Oscar Snubs and Omissions:
Best Director nominee Spike Jonze was denied
a Best Picture nomination for his first feature-length film Being
John Malkovich, while director Frank Darabont's Best Picture
nominee The Green Mile was denied a Best Director nomination.
Directors Mike Leigh, Anthony Minghella and Paul Thomas Anderson
- for Topsy-Turvy, The Talented Mr. Ripley, and Magnolia respectively,
were also lacking Best Director nods.
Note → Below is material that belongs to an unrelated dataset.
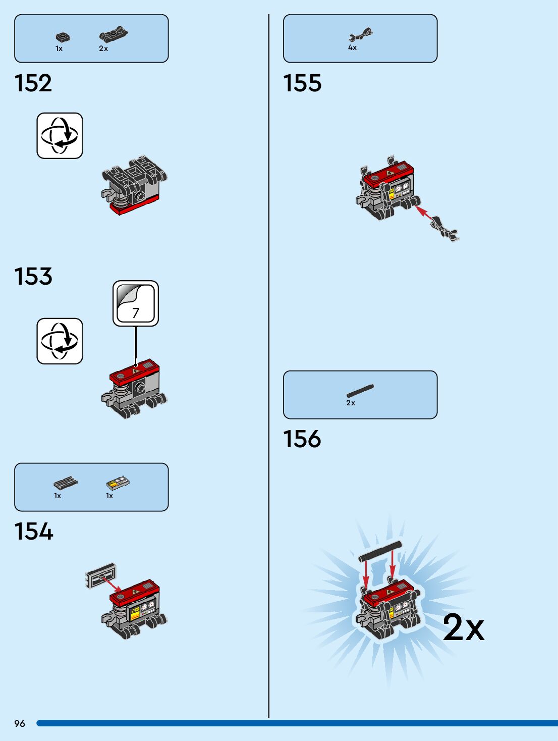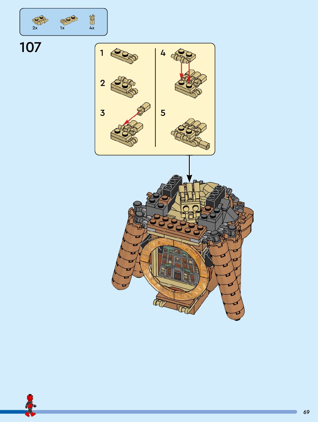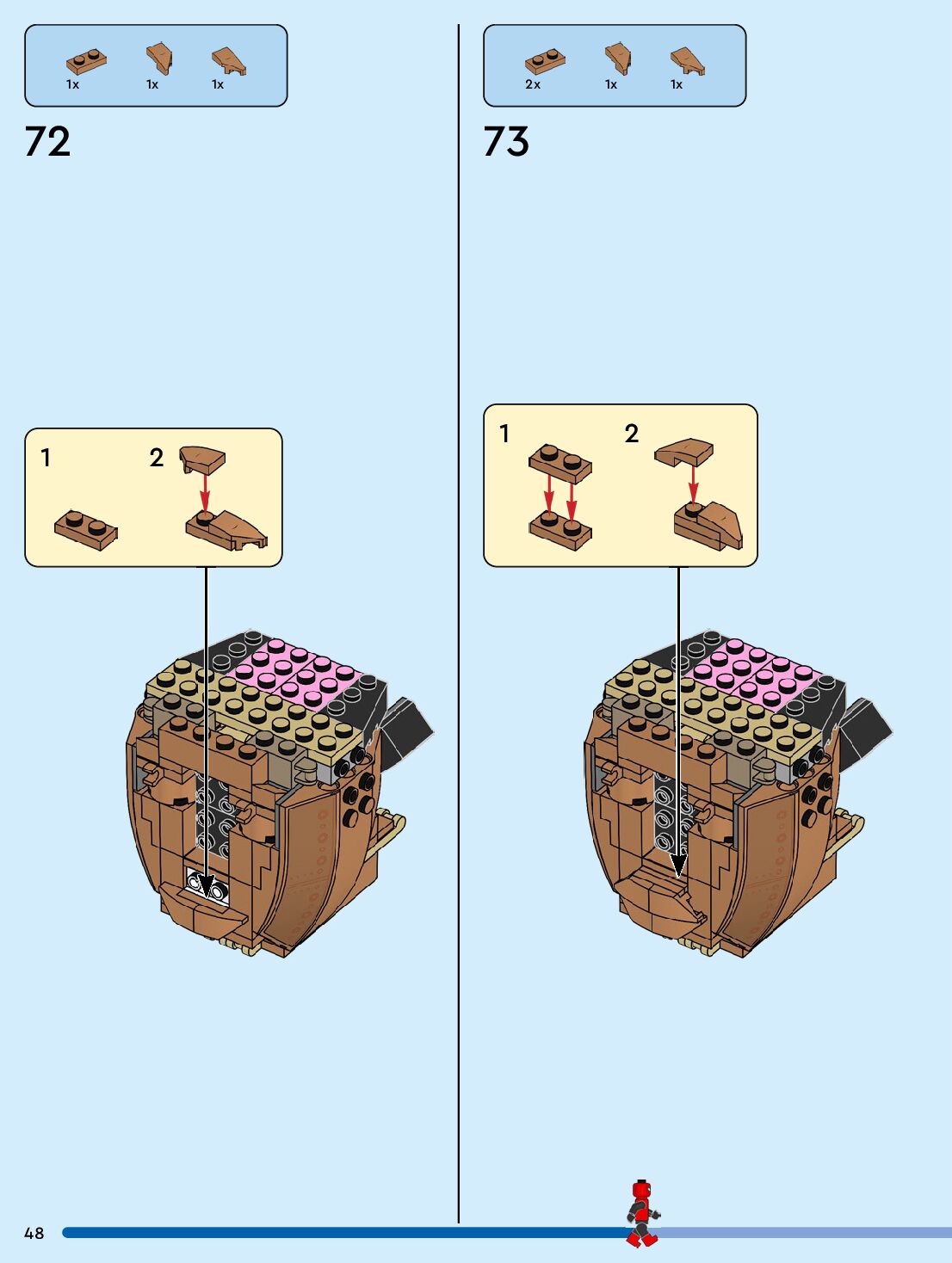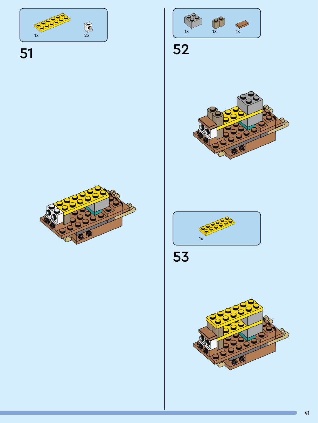The assembly guide is prepared in a very understandable way for children and adult LEGO enthusiasts. A total of 128 picture galleries are shown, explaining the step-by-step construction stages for 1 different structures.

The End of the Affair, Magnolia,
and Being John Malkovich were all deprived of a Best
Picture nomination.
The most notable oversight of the year was for
Jim Carrey who impersonated the late comic Andy Kaufman in Man
on the Moon - he was a Golden-Globe winner for the role
but was snubbed by the Academy for the second year in a row
in a lead acting role - the previous year the insult revolved
around his performance in The Truman Show. [Even the
smutty cartoonish South Park: Bigger, Longer, and Uncut edged
out Man on the Moon with its sole nomination For Best
Original Song.]
Other omissions include:
- perennial Oscar favorite Tom Hanks for his
role as head guard Paul Edgecomb in The Green Mile
- Emily Watson for her role as an Irish mother
in Angela's Ashes
- Thora Birch as Kevin Spacey's sullen daughter
Jane and Mena Suvari as seductive cheerleader (and Spacey's
love interest) Angela in American Beauty
- Philip Seymour Hoffman and Julianne Moore
for performances in Magnolia
- Natalie Portman as a sensitive teenager in Anywhere
But Here
- Bruce Willis for his role as psychologist
Dr. Malcolm Crowe in The Sixth Sense
- Reese Witherspoon as overachieving high-school
student Tracy Enid Flick, and Matthew Broderick as an underpaid,
resentful HS teacher in director Alexander Payne's Election -
a film that received a sole Best Adapted Screenplay nomination
- Liev Schreiber for his role as a dull but
decent husband named Marty, with a straying, unfaithful wife
(Diane Lane) in A Walk on the Moon
Six films were completely denied nominations:
the late Stanley Kubrick's last movie Eyes Wide Shut,
Tim Robbins' Cradle Will Rock, the Internet-hyped The
Blair Witch Project, Three Kings, Spike Lee's Summer
of Sam, and Beavis and Butthead creator Mike Judge's comedic
satire Office Space (with an unnominated performance
by Gary Cole as the office boss).
The Talented Mr. Ripley was shut out of
many categories: Best Picture, Matt Damon (as jealous and then
treacherous Tom Ripley) and Gwyneth Paltrow (as Jude Law's
girlfriend Marge Sherwood) for acting nominations, and Best
Director. The Insider's Al Pacino and Christopher Plummer
(as CBS newsman Mike Wallace) were also denied nominations. Being
John Malkovich's John Cusack (as puppeteer Craig Schwartz),
Cameron Diaz (as Cusack's dowdy, pet-obsessed wife Lotte) and
John Malkovich (as Himself) were equally ignored. Toy Story
2, a beautifully-crafted computer-animated film was only
able to secure a Best Original Song nomination ("When
She Loved Me" by Randy Newman), and the animated adventure
fantasy The Iron Giant went completely unnominated.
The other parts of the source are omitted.